Repeat the listing exactly. Any picture in it should be left out of the copy.

START Data excerpt

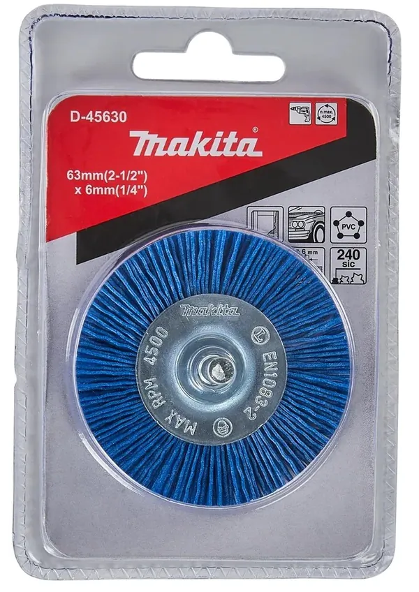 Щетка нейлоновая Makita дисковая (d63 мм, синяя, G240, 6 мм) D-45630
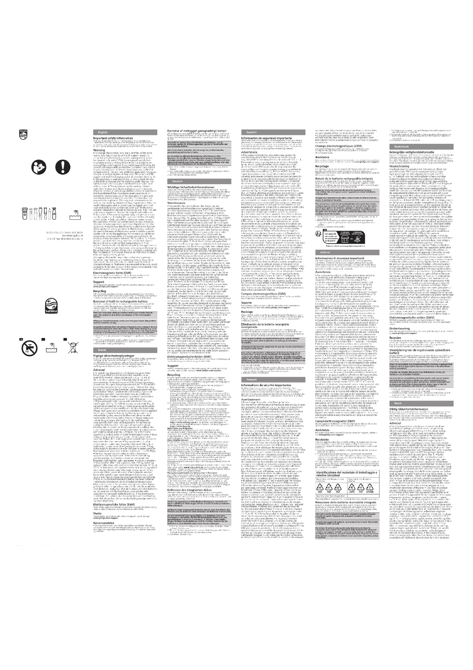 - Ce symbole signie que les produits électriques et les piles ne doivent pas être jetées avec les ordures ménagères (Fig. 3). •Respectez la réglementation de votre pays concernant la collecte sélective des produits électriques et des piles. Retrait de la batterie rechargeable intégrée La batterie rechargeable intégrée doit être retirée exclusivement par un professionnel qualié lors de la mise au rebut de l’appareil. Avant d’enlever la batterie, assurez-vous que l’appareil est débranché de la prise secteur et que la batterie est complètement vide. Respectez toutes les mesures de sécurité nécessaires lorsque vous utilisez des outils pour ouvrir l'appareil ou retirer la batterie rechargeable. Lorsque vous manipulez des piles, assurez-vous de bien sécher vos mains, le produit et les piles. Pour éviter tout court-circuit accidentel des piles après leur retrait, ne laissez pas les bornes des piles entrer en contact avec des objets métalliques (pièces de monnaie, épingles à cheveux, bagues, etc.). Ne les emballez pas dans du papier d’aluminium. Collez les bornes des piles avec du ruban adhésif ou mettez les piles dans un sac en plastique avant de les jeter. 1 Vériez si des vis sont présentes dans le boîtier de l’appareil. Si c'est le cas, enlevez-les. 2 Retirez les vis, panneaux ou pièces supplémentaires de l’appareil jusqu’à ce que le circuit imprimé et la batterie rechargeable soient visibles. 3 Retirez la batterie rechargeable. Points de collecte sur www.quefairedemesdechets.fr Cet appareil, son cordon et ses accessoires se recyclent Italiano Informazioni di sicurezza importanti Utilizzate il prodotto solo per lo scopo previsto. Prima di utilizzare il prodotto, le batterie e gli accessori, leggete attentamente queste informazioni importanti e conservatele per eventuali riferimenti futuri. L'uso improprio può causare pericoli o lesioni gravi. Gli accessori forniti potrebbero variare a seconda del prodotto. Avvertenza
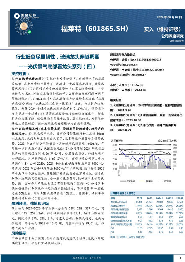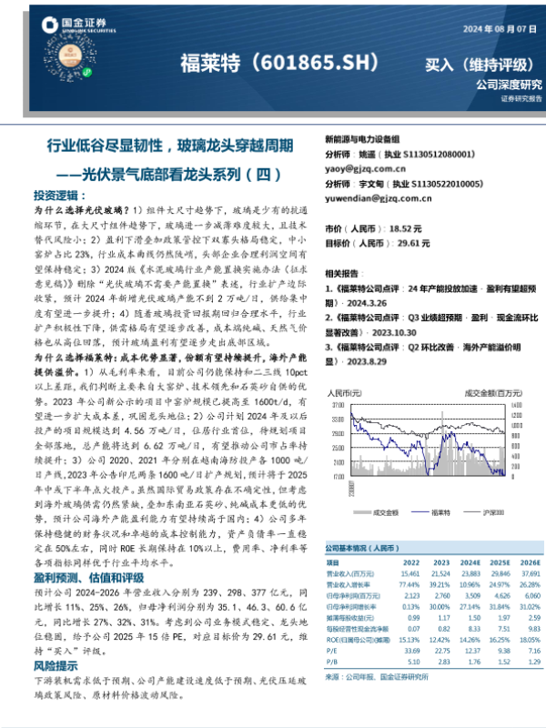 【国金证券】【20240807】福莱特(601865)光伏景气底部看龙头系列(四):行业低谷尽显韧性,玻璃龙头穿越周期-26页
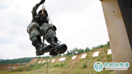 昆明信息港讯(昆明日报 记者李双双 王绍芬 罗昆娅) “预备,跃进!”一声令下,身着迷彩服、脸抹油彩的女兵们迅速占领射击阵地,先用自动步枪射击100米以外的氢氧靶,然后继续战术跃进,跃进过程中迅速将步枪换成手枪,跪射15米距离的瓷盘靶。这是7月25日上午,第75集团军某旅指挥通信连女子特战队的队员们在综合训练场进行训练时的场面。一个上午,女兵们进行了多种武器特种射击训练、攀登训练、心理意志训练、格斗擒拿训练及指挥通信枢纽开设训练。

END Data excerpt

Final answer:
 Щетка нейлоновая Makita дисковая (d63 мм, синяя, G240, 6 мм) D-45630
 - Ce symbole signie que les produits électriques et les piles ne doivent pas être jetées avec les ordures ménagères (Fig. 3). •Respectez la réglementation de votre pays concernant la collecte sélective des produits électriques et des piles. Retrait de la batterie rechargeable intégrée La batterie rechargeable intégrée doit être retirée exclusivement par un professionnel qualié lors de la mise au rebut de l’appareil. Avant d’enlever la batterie, assurez-vous que l’appareil est débranché de la prise secteur et que la batterie est complètement vide. Respectez toutes les mesures de sécurité nécessaires lorsque vous utilisez des outils pour ouvrir l'appareil ou retirer la batterie rechargeable. Lorsque vous manipulez des piles, assurez-vous de bien sécher vos mains, le produit et les piles. Pour éviter tout court-circuit accidentel des piles après leur retrait, ne laissez pas les bornes des piles entrer en contact avec des objets métalliques (pièces de monnaie, épingles à cheveux, bagues, etc.). Ne les emballez pas dans du papier d’aluminium. Collez les bornes des piles avec du ruban adhésif ou mettez les piles dans un sac en plastique avant de les jeter. 1 Vériez si des vis sont présentes dans le boîtier de l’appareil. Si c'est le cas, enlevez-les. 2 Retirez les vis, panneaux ou pièces supplémentaires de l’appareil jusqu’à ce que le circuit imprimé et la batterie rechargeable soient visibles. 3 Retirez la batterie rechargeable. Points de collecte sur www.quefairedemesdechets.fr Cet appareil, son cordon et ses accessoires se recyclent Italiano Informazioni di sicurezza importanti Utilizzate il prodotto solo per lo scopo previsto. Prima di utilizzare il prodotto, le batterie e gli accessori, leggete attentamente queste informazioni importanti e conservatele per eventuali riferimenti futuri. L'uso improprio può causare pericoli o lesioni gravi. Gli accessori forniti potrebbero variare a seconda del prodotto. Avvertenza
 【国金证券】【20240807】福莱特(601865)光伏景气底部看龙头系列(四):行业低谷尽显韧性,玻璃龙头穿越周期-26页
 昆明信息港讯(昆明日报 记者李双双 王绍芬 罗昆娅) “预备,跃进!”一声令下,身着迷彩服、脸抹油彩的女兵们迅速占领射击阵地,先用自动步枪射击100米以外的氢氧靶,然后继续战术跃进,跃进过程中迅速将步枪换成手枪,跪射15米距离的瓷盘靶。这是7月25日上午,第75集团军某旅指挥通信连女子特战队的队员们在综合训练场进行训练时的场面。一个上午,女兵们进行了多种武器特种射击训练、攀登训练、心理意志训练、格斗擒拿训练及指挥通信枢纽开设训练。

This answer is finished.